# Task directions
Print the records below word for word, beginning with the first line and ending once the line containing "710 тыс. дизлайков" is printed.
-- Opening Marker --
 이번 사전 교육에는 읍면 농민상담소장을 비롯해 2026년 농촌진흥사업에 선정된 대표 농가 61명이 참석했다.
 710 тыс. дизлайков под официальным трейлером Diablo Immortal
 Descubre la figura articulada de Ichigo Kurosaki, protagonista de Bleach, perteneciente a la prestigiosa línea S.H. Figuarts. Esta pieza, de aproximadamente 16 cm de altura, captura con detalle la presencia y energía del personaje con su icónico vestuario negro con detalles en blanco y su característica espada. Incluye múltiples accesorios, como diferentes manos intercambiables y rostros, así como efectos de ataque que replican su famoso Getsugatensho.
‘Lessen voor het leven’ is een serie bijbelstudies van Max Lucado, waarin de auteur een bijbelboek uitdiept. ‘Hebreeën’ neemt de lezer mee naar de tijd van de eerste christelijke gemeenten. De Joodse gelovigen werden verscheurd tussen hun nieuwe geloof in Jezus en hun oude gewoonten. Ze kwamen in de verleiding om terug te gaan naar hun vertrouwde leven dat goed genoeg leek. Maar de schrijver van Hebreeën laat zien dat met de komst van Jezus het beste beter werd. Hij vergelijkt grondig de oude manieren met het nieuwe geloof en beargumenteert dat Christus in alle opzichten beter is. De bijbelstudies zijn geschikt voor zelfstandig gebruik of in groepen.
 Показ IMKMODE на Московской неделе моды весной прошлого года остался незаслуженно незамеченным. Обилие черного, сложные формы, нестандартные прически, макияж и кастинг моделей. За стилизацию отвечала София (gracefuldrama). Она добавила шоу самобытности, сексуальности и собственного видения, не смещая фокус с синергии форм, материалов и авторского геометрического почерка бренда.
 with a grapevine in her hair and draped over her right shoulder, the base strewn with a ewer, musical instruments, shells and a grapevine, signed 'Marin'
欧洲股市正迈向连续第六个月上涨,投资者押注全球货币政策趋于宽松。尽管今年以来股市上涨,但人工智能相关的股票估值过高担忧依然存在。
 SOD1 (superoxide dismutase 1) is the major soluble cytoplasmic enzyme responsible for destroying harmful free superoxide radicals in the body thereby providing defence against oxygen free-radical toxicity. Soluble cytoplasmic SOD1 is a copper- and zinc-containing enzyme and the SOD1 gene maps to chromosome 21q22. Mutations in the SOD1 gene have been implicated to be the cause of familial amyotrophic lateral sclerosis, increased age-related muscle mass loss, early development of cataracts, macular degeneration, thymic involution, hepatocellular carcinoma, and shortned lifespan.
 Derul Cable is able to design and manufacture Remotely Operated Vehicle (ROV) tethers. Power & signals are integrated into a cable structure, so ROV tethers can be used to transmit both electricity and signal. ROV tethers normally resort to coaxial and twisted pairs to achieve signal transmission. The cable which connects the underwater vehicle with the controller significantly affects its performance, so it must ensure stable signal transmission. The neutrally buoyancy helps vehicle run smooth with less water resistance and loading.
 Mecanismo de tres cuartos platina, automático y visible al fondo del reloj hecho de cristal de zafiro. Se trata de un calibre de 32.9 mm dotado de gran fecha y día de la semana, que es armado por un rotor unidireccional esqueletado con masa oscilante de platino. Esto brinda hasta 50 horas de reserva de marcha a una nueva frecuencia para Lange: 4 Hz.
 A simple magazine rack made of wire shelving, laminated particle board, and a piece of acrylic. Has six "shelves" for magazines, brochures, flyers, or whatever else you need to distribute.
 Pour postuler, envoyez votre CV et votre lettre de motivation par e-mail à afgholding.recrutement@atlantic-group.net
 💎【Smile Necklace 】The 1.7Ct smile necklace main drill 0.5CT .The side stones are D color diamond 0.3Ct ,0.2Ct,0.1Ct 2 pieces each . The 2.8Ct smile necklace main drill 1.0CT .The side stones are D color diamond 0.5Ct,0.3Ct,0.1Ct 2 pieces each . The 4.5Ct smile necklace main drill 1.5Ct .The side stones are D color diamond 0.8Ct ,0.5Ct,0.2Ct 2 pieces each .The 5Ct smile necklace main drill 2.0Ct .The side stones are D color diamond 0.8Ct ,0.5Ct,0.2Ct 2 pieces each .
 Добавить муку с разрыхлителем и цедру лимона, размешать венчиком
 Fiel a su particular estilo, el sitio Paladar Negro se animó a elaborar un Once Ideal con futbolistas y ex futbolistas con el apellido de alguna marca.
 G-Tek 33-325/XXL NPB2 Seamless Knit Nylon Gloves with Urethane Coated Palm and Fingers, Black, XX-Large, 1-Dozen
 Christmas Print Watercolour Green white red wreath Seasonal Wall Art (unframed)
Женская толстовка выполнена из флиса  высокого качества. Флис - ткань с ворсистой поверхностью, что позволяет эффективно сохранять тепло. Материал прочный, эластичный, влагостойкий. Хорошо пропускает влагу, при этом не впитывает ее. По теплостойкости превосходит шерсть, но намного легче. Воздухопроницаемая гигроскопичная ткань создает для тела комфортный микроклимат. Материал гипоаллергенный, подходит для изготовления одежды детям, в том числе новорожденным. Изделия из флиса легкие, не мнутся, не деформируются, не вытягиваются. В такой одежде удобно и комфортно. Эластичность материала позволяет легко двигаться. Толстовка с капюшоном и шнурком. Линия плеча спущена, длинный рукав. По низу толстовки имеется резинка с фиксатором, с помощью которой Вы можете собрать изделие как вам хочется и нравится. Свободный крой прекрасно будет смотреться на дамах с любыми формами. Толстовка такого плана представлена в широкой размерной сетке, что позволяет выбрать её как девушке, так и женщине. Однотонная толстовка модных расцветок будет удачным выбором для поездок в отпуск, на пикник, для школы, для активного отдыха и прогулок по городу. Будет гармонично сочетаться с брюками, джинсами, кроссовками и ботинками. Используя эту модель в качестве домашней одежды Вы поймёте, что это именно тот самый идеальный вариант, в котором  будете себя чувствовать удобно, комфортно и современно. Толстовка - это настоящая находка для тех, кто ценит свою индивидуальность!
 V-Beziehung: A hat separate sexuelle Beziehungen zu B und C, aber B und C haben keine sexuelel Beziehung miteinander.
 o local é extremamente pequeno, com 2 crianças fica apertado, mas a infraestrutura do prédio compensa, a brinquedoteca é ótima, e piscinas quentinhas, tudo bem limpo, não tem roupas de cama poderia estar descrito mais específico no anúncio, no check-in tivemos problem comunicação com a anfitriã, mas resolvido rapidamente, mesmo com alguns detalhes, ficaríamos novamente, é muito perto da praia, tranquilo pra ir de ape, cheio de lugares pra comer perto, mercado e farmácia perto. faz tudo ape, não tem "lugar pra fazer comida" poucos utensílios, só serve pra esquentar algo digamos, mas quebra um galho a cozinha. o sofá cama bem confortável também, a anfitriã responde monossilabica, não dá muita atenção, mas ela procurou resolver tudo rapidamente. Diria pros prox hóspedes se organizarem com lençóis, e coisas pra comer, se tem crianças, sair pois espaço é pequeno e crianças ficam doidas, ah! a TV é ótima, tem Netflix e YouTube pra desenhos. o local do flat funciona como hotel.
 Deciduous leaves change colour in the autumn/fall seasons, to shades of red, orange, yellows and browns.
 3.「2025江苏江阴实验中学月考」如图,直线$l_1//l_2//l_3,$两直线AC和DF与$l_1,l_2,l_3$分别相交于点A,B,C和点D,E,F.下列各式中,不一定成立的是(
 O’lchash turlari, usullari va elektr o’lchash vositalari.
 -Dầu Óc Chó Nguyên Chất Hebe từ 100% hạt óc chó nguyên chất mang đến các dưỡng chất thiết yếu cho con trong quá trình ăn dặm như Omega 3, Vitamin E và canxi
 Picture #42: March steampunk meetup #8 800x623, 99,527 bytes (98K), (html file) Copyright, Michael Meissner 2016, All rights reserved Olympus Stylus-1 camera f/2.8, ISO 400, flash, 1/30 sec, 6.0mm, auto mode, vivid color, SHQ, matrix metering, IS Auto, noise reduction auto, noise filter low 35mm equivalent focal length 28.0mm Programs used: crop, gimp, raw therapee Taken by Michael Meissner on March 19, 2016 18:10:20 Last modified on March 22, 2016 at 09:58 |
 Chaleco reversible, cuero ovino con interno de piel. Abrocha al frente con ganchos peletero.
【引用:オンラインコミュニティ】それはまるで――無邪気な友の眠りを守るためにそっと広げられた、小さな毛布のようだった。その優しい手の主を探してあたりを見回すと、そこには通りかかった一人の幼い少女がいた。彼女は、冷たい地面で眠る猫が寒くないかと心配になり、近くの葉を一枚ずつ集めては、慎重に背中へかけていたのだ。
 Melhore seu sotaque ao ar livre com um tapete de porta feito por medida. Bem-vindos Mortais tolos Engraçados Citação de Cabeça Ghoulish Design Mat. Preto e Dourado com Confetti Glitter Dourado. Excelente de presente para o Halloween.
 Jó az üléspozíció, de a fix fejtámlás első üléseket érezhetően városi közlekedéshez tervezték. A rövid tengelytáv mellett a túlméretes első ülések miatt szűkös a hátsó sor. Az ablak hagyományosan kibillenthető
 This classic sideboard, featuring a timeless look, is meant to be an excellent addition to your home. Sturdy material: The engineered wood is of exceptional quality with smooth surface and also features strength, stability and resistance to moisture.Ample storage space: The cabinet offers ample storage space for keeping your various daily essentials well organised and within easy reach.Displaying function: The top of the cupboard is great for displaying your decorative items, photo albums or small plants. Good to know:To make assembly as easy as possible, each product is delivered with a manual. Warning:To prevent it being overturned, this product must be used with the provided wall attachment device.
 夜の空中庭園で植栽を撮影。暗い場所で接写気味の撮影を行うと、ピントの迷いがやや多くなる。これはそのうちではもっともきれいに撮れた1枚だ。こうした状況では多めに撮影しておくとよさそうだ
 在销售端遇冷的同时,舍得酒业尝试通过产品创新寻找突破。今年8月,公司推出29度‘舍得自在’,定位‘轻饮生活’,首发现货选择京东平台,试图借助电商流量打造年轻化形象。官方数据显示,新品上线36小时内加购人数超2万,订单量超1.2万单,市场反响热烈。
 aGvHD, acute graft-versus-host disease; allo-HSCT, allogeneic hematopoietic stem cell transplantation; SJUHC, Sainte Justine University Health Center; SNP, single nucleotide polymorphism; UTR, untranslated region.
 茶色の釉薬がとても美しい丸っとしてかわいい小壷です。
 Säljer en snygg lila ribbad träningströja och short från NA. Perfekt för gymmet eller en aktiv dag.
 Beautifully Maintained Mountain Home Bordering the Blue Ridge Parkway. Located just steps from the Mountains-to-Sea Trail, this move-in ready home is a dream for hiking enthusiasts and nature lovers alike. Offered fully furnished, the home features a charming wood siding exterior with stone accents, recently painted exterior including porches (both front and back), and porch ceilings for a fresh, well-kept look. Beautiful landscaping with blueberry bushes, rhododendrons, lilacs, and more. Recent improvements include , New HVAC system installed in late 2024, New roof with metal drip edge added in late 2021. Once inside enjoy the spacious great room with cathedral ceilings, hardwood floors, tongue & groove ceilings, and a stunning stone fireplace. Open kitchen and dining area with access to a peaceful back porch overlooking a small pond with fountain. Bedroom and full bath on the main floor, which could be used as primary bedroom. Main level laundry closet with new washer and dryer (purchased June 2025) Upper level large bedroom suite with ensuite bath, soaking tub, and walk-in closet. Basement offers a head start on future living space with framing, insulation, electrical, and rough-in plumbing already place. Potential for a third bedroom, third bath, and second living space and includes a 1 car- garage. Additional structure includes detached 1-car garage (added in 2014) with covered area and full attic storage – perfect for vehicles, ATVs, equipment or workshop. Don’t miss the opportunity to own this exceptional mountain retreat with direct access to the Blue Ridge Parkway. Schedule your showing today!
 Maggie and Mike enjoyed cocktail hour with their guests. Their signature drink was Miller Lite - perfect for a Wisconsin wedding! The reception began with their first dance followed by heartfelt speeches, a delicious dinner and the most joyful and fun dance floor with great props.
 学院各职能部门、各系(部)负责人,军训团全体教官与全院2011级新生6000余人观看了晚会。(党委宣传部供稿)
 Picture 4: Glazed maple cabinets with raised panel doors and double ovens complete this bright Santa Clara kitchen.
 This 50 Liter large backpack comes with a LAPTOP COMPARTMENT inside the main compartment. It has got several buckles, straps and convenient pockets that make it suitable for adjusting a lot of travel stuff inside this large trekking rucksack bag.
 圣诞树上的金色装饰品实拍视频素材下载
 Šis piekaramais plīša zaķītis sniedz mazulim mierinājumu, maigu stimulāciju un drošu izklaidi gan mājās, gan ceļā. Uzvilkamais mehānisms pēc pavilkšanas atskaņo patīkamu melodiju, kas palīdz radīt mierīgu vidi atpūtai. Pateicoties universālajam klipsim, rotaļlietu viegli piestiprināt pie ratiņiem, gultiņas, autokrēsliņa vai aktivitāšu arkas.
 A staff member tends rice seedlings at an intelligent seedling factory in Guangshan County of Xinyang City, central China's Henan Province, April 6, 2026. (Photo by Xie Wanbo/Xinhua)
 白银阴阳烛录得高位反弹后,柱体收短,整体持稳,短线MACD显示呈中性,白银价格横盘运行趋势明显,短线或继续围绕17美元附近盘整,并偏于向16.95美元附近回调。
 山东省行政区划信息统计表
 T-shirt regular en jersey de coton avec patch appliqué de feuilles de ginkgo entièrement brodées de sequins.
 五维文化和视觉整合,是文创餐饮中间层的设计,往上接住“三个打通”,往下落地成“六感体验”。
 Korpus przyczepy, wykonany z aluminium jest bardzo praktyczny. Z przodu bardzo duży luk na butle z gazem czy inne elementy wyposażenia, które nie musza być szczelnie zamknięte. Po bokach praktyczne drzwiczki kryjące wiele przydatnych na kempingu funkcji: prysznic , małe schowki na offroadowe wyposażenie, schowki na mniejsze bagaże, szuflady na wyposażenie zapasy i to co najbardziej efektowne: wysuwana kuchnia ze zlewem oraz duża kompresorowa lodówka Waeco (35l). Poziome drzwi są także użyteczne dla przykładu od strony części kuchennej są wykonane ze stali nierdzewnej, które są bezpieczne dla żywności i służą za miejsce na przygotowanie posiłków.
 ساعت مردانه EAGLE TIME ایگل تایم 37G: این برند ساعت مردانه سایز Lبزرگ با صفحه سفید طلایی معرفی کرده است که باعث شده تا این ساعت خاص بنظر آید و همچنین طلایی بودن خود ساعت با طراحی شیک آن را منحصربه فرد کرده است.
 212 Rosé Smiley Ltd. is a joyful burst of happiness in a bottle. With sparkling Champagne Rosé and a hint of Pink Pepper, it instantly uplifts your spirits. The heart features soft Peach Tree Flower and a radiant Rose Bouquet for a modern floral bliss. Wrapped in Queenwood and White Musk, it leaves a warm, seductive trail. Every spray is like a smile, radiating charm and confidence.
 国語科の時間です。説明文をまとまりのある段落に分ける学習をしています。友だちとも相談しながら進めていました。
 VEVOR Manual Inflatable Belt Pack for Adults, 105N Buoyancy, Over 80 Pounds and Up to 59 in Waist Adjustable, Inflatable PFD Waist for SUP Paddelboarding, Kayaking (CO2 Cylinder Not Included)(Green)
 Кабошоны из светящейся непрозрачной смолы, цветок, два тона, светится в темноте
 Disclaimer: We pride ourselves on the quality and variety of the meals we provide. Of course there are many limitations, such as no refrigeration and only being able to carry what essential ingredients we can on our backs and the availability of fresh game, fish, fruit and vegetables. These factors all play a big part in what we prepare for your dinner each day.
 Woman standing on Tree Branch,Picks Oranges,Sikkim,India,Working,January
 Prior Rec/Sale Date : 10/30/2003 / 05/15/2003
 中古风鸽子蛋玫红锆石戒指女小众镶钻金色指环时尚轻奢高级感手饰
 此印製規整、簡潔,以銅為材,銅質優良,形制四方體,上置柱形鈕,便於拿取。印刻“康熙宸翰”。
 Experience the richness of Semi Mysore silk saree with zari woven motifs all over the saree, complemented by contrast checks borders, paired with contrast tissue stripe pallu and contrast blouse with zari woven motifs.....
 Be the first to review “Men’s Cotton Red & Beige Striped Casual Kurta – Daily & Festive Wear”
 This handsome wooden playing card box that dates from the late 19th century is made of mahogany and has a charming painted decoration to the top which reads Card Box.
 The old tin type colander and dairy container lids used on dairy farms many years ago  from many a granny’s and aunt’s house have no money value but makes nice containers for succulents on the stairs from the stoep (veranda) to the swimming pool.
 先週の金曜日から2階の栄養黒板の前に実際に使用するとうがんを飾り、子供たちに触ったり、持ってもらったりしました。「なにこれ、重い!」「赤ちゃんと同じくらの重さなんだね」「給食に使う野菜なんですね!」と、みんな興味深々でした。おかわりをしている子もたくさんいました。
-- Closing Marker --
# Result of this task
 이번 사전 교육에는 읍면 농민상담소장을 비롯해 2026년 농촌진흥사업에 선정된 대표 농가 61명이 참석했다.
 710 тыс. дизлайков под официальным трейлером Diablo Immortal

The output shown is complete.